AC is only perpendicular to EF if angle ADE is 90 degrees

(angle ADE) + (angle DAE) + (angle AED) = 180
(angle ADE) + (44) + (48) = 180
(angle ADE) + 92 = 180
(angle ADE) + 92 - 92 = 180 - 92
angle ADE  = 88

Since angle ADE is actually 88 degrees, we do NOT have a right angle so we do NOT have a right triangle

Triangle AED is acute (all 3 angles are less than 90 degrees)

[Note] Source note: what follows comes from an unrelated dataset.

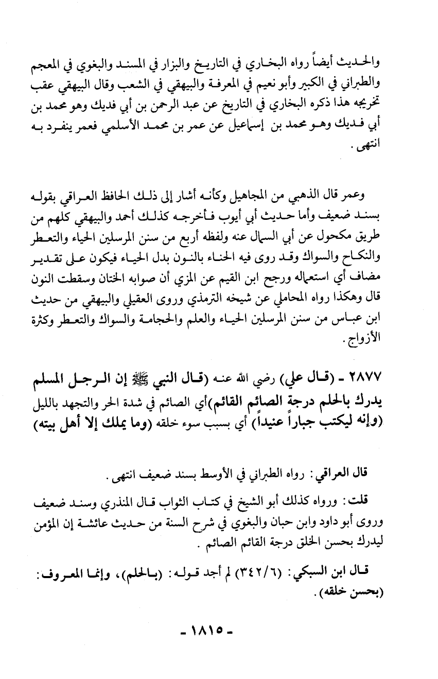 والحديث أيضاً رواه البخاري في التاريخ والبزار في المسند والبغوي في المعجم والطبراني في الكبير وأبو نعيم في المعرفة والبيهقي في الشعب وقال البيهقي عقب تخريجه هذا ذكره البخاري في التاريخ عن عبد الرحمن بن أبي فديك وهو محمد بن أبي فديك وهو محمد بن إسماعيل عن عمر بن محمد الأسلمي فعمر ينفرد به انتهى.

So because angle ADE is NOT 90 degrees, this means AC is NOT perpendicular to EF

-------------------------------------------------------------

Problem 2)

a) The center is (2,-3) 

The center is (h,k) and we can see that h = 2 and k = -3. It might help to write (x-2)^2+(y+3)^2 = 9 into (x-2)^2+(y-(-3))^2 = 3^3 then compare it to (x-h)^2 + (y-k)^2 = r^2

---------------------

b) The radius is 3 and the diameter is 6

From part a), we have (x-2)^2+(y-(-3))^2 = 3^3 matching (x-h)^2 + (y-k)^2 = r^2

where
h = 2
k = -3
r = 3

so, radius = r = 3
diameter = d = 2*r = 2*3 = 6

---------------------

c) The graph is shown in the image attachment. It is a circle with center point C = (2,-3) and radius r = 3.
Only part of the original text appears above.